Start of Block

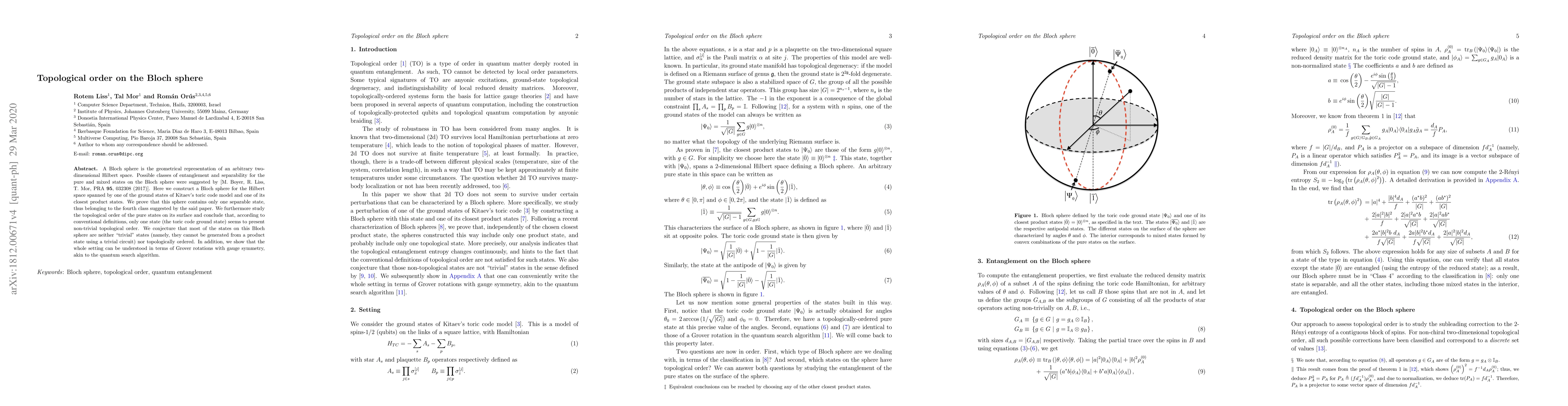 This paper constructs a Bloch sphere for the Hilbert space of Kitaev's toric code model, proving it contains only one separable state and identifying one state with non-trivial topological order. The authors conjecture that most states are neither trivial nor topologically ordered, and relate the setting to Grover rotations with gauge symmetry.
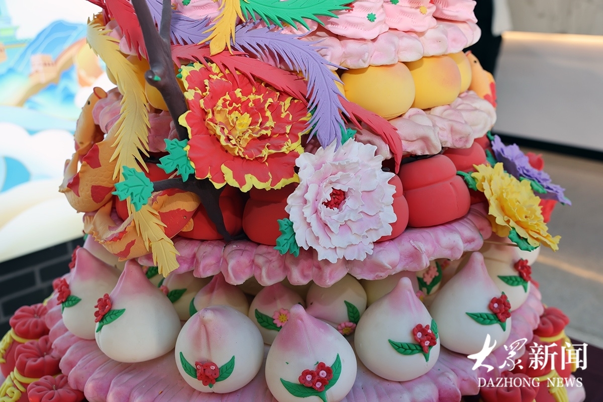 牡丹、莲花、锦鲤、寿桃……在威海文登,花饽饽早已不再是单纯果腹的面食,而是蜕变为令人惊艳的文创产品、增添喜庆氛围与艺术美感的特色工艺品,更催生出一个产值超5亿元的特色大产业。
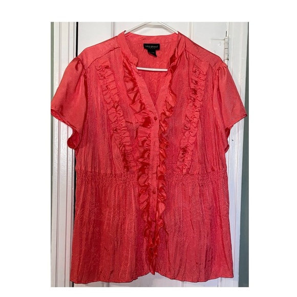 This elegant coral blouse features a stylish ruffled design, perfect for any occasion. Its vibrant color adds a touch of sophistication to your wardrobe.
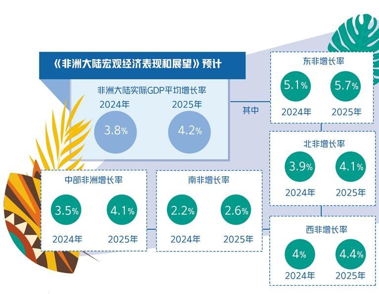报告指出,尽管受到诸多不利因素影响,非洲大陆经济体仍然保持韧性,预计非洲大陆5个地区将实现正增长。其中,东非得益于改善内部互联互通和深化区域内贸易的战略投资增长,将继续引领非洲增长势头,预计2024年和2025年的GDP增长率分别上升至5.1%和5.7%;北非受持续恶劣气候条件和宏观经济挑战影响,预计2024年增长率稳定在3.9%,2025年将略增长至4.1%;中部非洲预计2024年增长率将放缓至3.5%,但个人消费的复苏以及矿业投资和出口的增加或将助推其2025年增长率升至4.1%;南非预计2024年和2025年的增长率分别维持在2.2%和2.6%的低迷水平;西非预计2024年和2025年增长率将分别升至4%和4.4%,尽管尼日利亚和加纳的经济增速有所放缓,但该地区大多数国家经济强劲增长将抵消该影响。此外,布基纳法索、马里和尼日尔宣布退出西非国家经济共同体加大了该地区经济增长的不确定性。
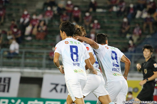 5試合勝利なしで迎えたシーズン前半の最終戦、アウェイでファジアーノ岡山と対戦したモンテディオ山形は、後半にセットプレーで先制を許し、一時追いついたものの、アディショナルタイムにPKを決められ、1-2で競り負けた。
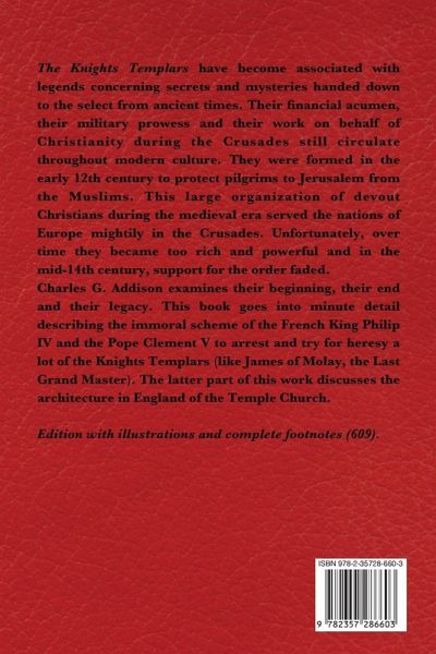 The Knights Templars have become associated with legends concerning secrets and mysteries handed down to the select from ancient times. Their financial acumen, their military prowess and their work on behalf of Christianity during the Crusades still circulate throughout modern culture. They were formed in the early 12th century to protect pilgrims to Jerusalem from the Muslims. This large organization of devout Christians during the medieval era served the nations of Europe mightily in the Crusades. Unfortunately, over time they became too rich and powerful and in the mid-14th century, support for the order faded. Charles G. Addison examines their beginning, their end and their legacy. This book goes into minute detail describing the immoral scheme of the French King Philip IV and the Pope Clement V to arrest and try for heresy a lot of the Knights Templars (like James of Molay, the Last Grand Master). The latter part of this work discusses the architecture in England of the Temple Church. Edition with illustrations and complete footnotes (609). Excerpt: "The extraordinary and romantic career of the Knights Templars, their exploits and their misfortunes, render their history a subject of peculiar interest. Born during the first fervour of the Crusades, they were flattered and aggrandized as long as their great military power and religious fanaticism could be made available for the support of the Eastern church and the retention of the Holy Land, but when the crescent had ultimately triumphed over the cross, and the religio-military enthusiasm of Christendom had died away, they encountered the basest ingratitude in return for the services they had rendered to the christian faith, and were plundered, persecuted, and condemned to a cruel death, by those who ought in justice to have been their defenders and supporters. The memory of these holy warriors is embalmed in all our recollections of the wars of the cross; they were the bulwarks of the Latin kingdom of Jerusalem during the short period of its existence, and were the last band of Europe's host that contended for the possession of Palestine."
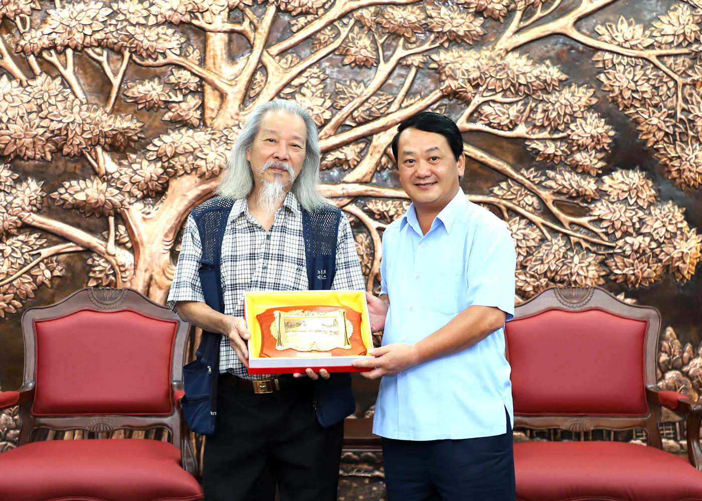 Đồng chí nhấn mạnh: “Đây là món quà vô cùng quý giá, không chỉ mang giá trị lịch sử - nghệ thuật đặc biệt, mà còn là biểu tượng thiêng liêng của tinh thần yêu nước, niềm tự hào dân tộc và khát vọng độc lập, tự do. Chúng tôi trân trọng đón nhận hiện vật này với lòng biết ơn sâu sắc, và cam kết sẽ bảo quản, gìn giữ, phát huy giá trị để phục vụ công tác giáo dục truyền thống cách mạng, hun đúc lòng yêu nước cho thế hệ trẻ.”
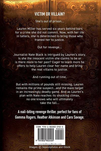 Victim or villain? She's out of prison... Lauren Miller has served six years behind bars for a crime she did not commit. Now, with her life in tatters, she is determined to bring those who framed her to justice. Out for revenge... Journalist Nate Black is intrigued by Lauren's story. Is she the innocent victim she claims to be or is there more to her past? Eager to learn more he offers to help Lauren clear her name and bring the real villains to justice. And running out of time. But with millions of pounds still missing, Lauren remains the prime suspect...and the main target in an increasingly deadly game. And as Lauren's plan with Nate reaches its shocking climax, no one knows who will ultimately take the fall... A nail-biting revenge thriller, perfect for fans of Gemma Rogers, Heather Atkinson and Caro Savage. 'A brilliant read that hooked me from the outset. The Fall is a tale of sweet revenge that I couldn't tear myself away from!' Bestselling author Gemma Rogers.
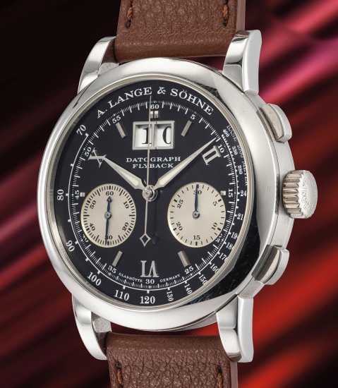 124: Ref. 405.047 A stunning and unique white gold flyback chronograph with outsize date, power reserve indication, hinged caseback and bracelet with proceeds going to charity
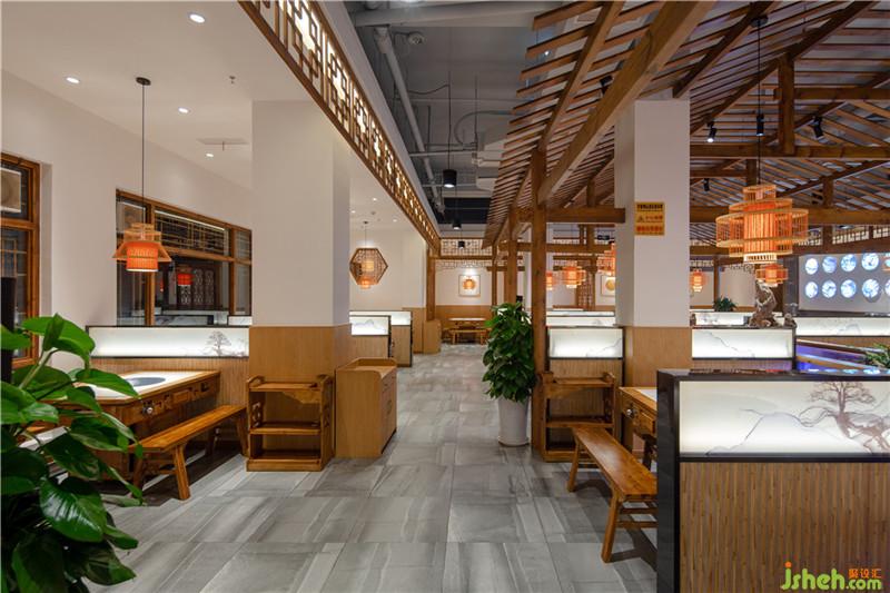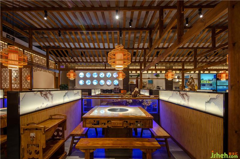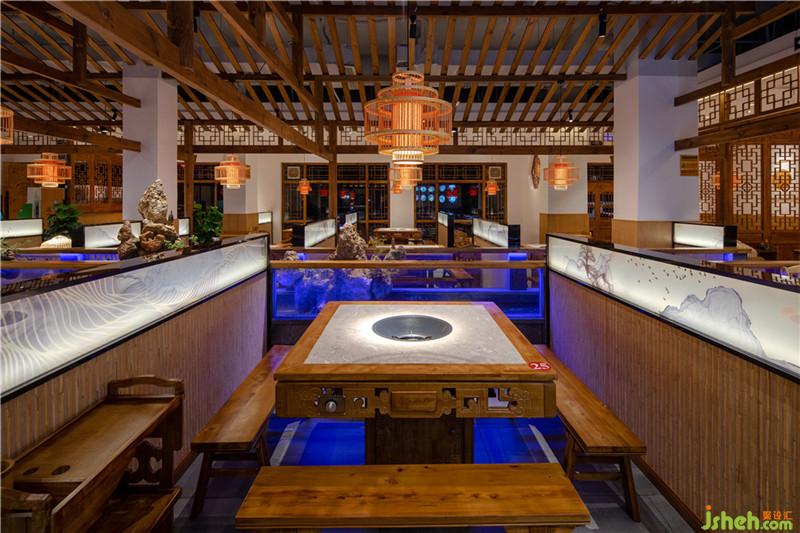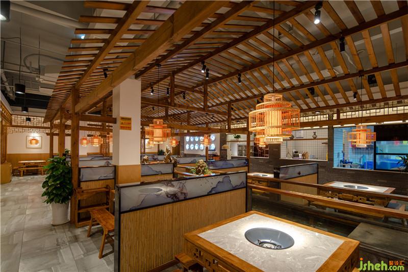 本案在設計理念上采取新式川派魚火鍋概念設計,空間中注入中國傳統(tǒng)人文元素,把中式元素精簡提煉,非常和諧的融入進去,增添了空間的品質與文化內涵,使其空間具有人文溫度。整體色調采取淺咖色色調,色彩上清新愉悅。

End of Block

**TASK DETAILS**: Exactly repeat the material from its first line through the line with "5試合勝利なしで迎えたシーズ", including both, and leave the pictures and everything else out.

**EXPECTED ANSWER**:
 This paper constructs a Bloch sphere for the Hilbert space of Kitaev's toric code model, proving it contains only one separable state and identifying one state with non-trivial topological order. The authors conjecture that most states are neither trivial nor topologically ordered, and relate the setting to Grover rotations with gauge symmetry.
 牡丹、莲花、锦鲤、寿桃……在威海文登,花饽饽早已不再是单纯果腹的面食,而是蜕变为令人惊艳的文创产品、增添喜庆氛围与艺术美感的特色工艺品,更催生出一个产值超5亿元的特色大产业。
 This elegant coral blouse features a stylish ruffled design, perfect for any occasion. Its vibrant color adds a touch of sophistication to your wardrobe.
报告指出,尽管受到诸多不利因素影响,非洲大陆经济体仍然保持韧性,预计非洲大陆5个地区将实现正增长。其中,东非得益于改善内部互联互通和深化区域内贸易的战略投资增长,将继续引领非洲增长势头,预计2024年和2025年的GDP增长率分别上升至5.1%和5.7%;北非受持续恶劣气候条件和宏观经济挑战影响,预计2024年增长率稳定在3.9%,2025年将略增长至4.1%;中部非洲预计2024年增长率将放缓至3.5%,但个人消费的复苏以及矿业投资和出口的增加或将助推其2025年增长率升至4.1%;南非预计2024年和2025年的增长率分别维持在2.2%和2.6%的低迷水平;西非预计2024年和2025年增长率将分别升至4%和4.4%,尽管尼日利亚和加纳的经济增速有所放缓,但该地区大多数国家经济强劲增长将抵消该影响。此外,布基纳法索、马里和尼日尔宣布退出西非国家经济共同体加大了该地区经济增长的不确定性。
 5試合勝利なしで迎えたシーズン前半の最終戦、アウェイでファジアーノ岡山と対戦したモンテディオ山形は、後半にセットプレーで先制を許し、一時追いついたものの、アディショナルタイムにPKを決められ、1-2で競り負けた。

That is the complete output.